Текст книги "Державный плотник"
Автор книги: Даниил Мордовцев
Жанр:
Классическая проза
сообщить о нарушении
Текущая страница: 22 (всего у книги 34 страниц)
Над всем зданием и вокруг него клубами ходит дым. Своеобразный смолистый запах этого дыма слышится издали. Страх невольно забирается в душу... Это жертвенный дым, исходящий из великой скинии для умилостивления гневного божества...
Мычанье скота, запертого в загоны и окуриваемого, тоску наводит... Повозки проезжают мимо свежевырытого рва, который тоже дымится. По сю и по ту сторону рва рогатки; это запоры для нее, для смерти, которая носится в воздухе вместе с дымом...
Из-за тогобочных рогаток какой-то всадник машет шапкой. Хомутов осаживает своего коня. Это вестовой казак из города прискакал, шапкой знаки подает...

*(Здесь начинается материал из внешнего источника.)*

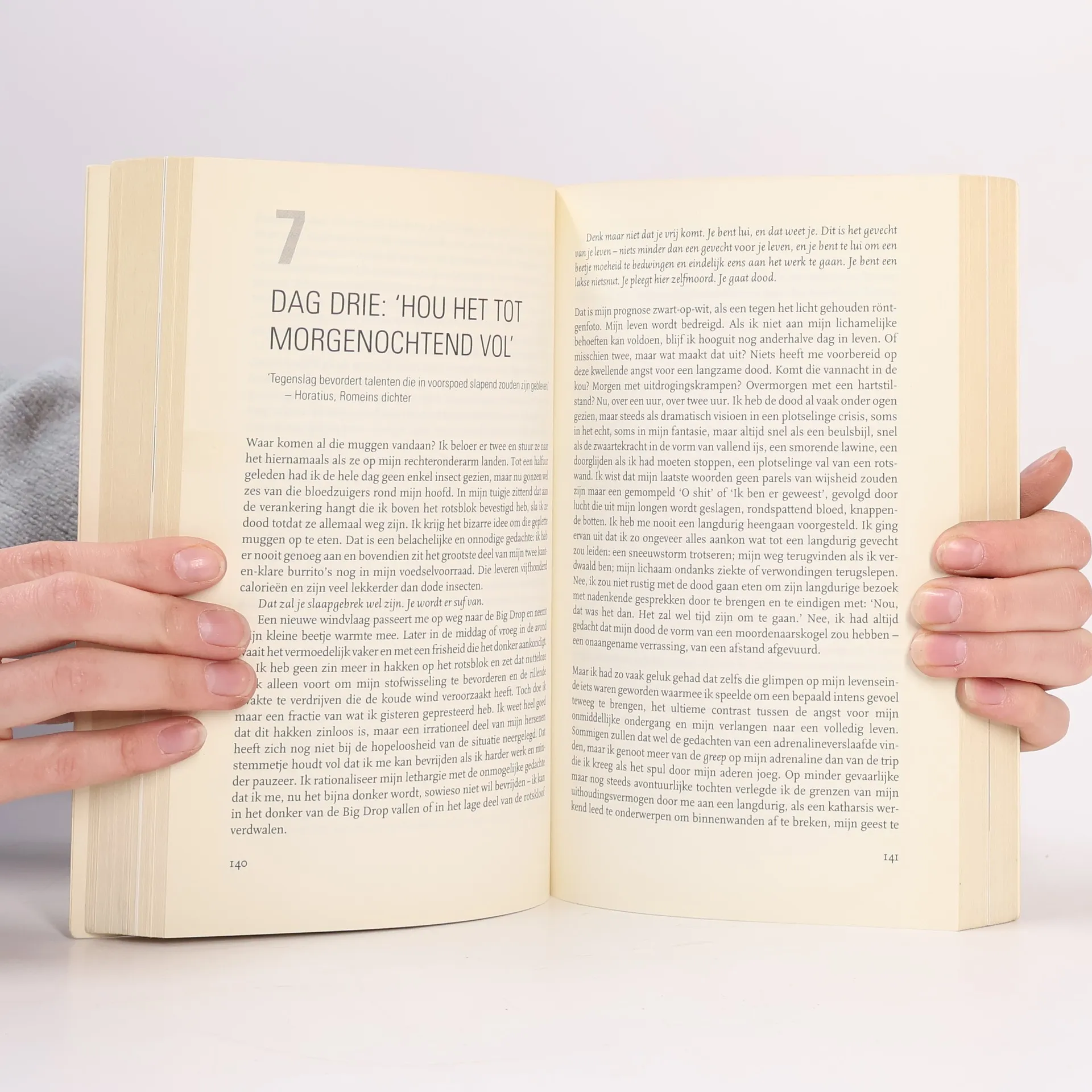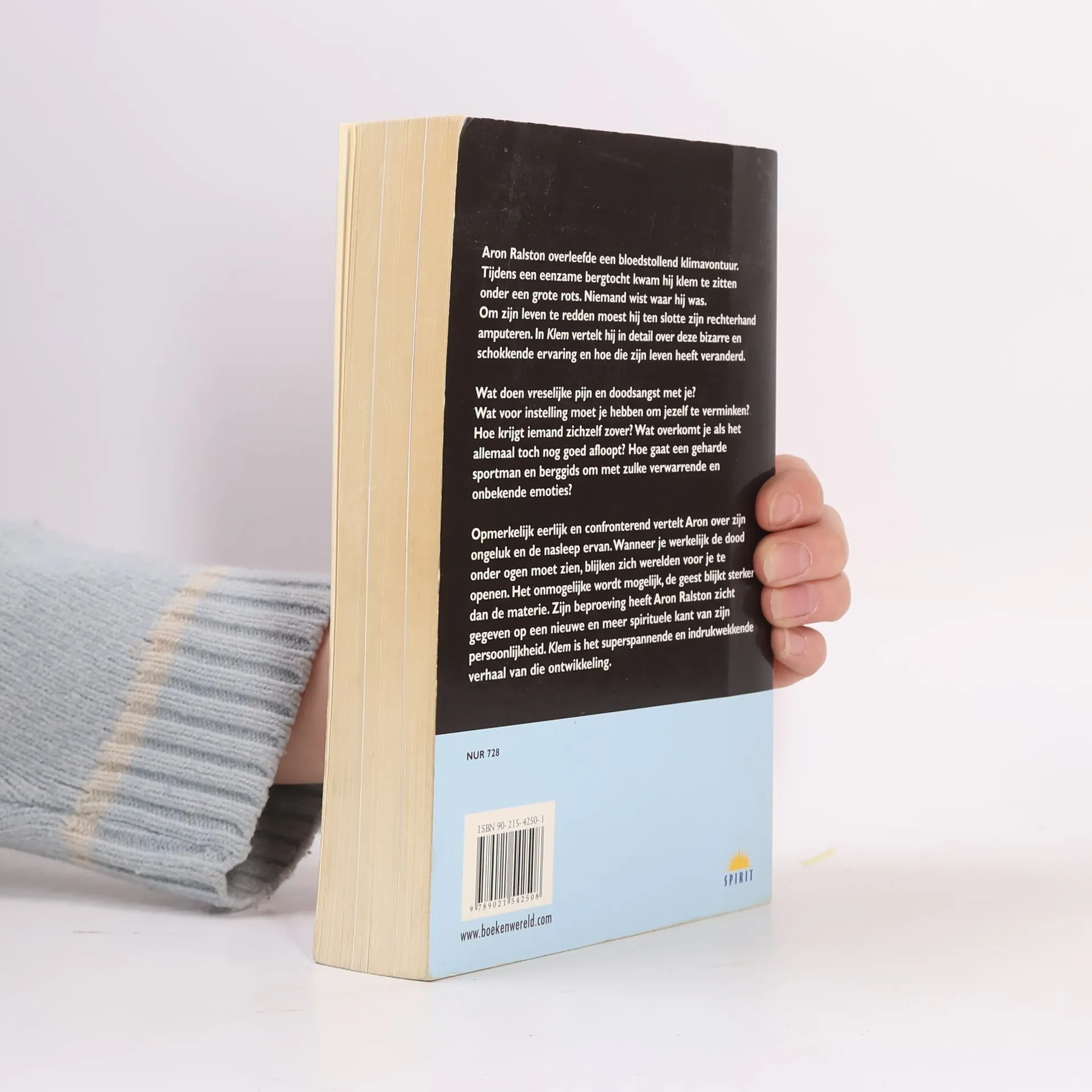 De auteur haalde vorig jaar de wereldpers als de man die zijn eigen hand amputeerde. Na vijf dagen vast te hebben gezeten onder een rotsblok bleef hem geen andere mogelijkheid. Hoe hij er uiteindelijk toe komt zichzelf te verminken, vertelt hij in een bloedstollend en op sommige momenten zeer aangrijpend relaas. Hij slaagt erin met zijn analytische geest de pijn, de verschillende stadia van radeloosheid en de euforie over zijn herwonnen vrijheid glashelder te beschrijven. Omdat hij de gebeurtenissen plaatst in het grotere geheel van zijn ontwikkeling als bergbeklimmer en ook ingaat op de veranderingen in zijn leven na het ongeluk, is een boek ontstaan dat de lezer niet snel zal vergeten. Het verdient zonder meer een plaats tussen de hoogtepunten van de bergsportliteratuur. Met verklarende woordenlijst en 2 katernen kleurenfoto's.

– Откуда, Гаврилыч, и с чем? – кричит Хомутов вестовому.
– Из моровой комиссии, ваше благородие! – приложив ладони ко рту, выкрикивает тщедушный «Гаврилыч».
– С чем?
– С вестями... Депорты привез.
– Давай!
Казак достает из подсумка, висящего через плечо, пакет с «депортами». За плечами у казака лук и в кожаном, потертом донельзя колчане вязанка самодельных стрел с грубыми наконечниками. Вестовой вынимает из колчана одну стрелу и к первому концу ее привязывает пакет. Затем снимает с плеча лук, накладывает на него стрелу и натягивает тетиву.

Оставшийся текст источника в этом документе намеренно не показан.